= WHAT IS EXPECTED =
Reproduce, word for word, the lines in the material below starting with the one that has "Pečený Cheesecake s" and going on through the one that has "- Lapel collar, long". Leave out all pictures.

= DATA FOR THIS EXERCISE =
◇ ◇ ◇ ◇

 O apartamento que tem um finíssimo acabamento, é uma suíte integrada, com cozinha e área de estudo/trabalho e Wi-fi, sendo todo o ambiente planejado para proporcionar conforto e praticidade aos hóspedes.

◇ ◇ ◇ ◇

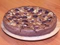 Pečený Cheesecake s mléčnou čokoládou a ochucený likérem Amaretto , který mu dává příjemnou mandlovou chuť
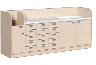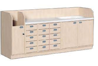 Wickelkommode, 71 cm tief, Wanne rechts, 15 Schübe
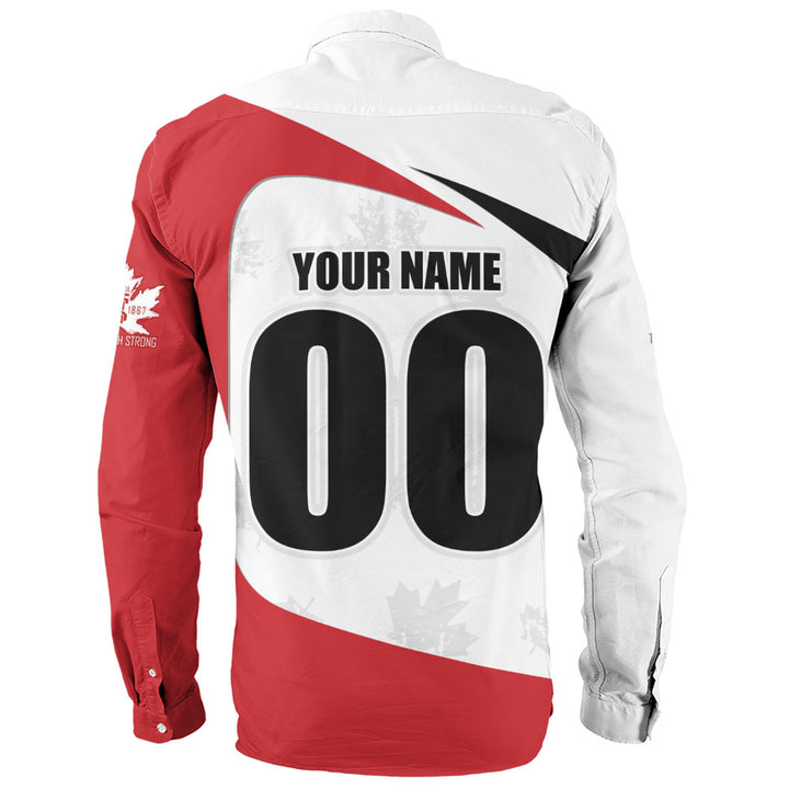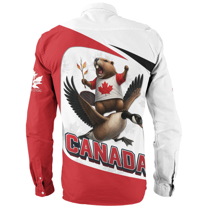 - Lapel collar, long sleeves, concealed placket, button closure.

◇ ◇ ◇ ◇

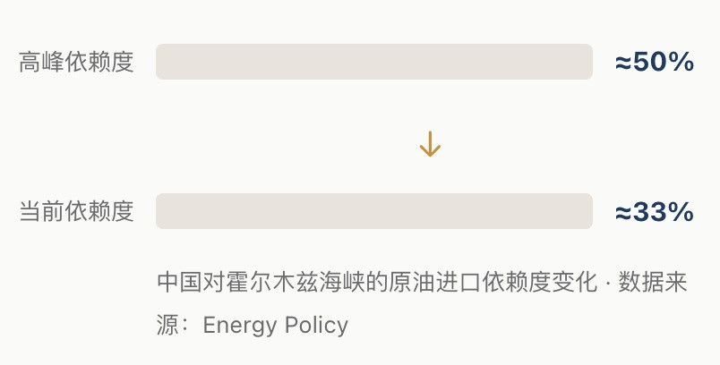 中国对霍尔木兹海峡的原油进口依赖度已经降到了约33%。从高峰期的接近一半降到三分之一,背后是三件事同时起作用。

◇ ◇ ◇ ◇

= THE COMPLETED TASK =
 Pečený Cheesecake s mléčnou čokoládou a ochucený likérem Amaretto , který mu dává příjemnou mandlovou chuť
 Wickelkommode, 71 cm tief, Wanne rechts, 15 Schübe
 - Lapel collar, long sleeves, concealed placket, button closure.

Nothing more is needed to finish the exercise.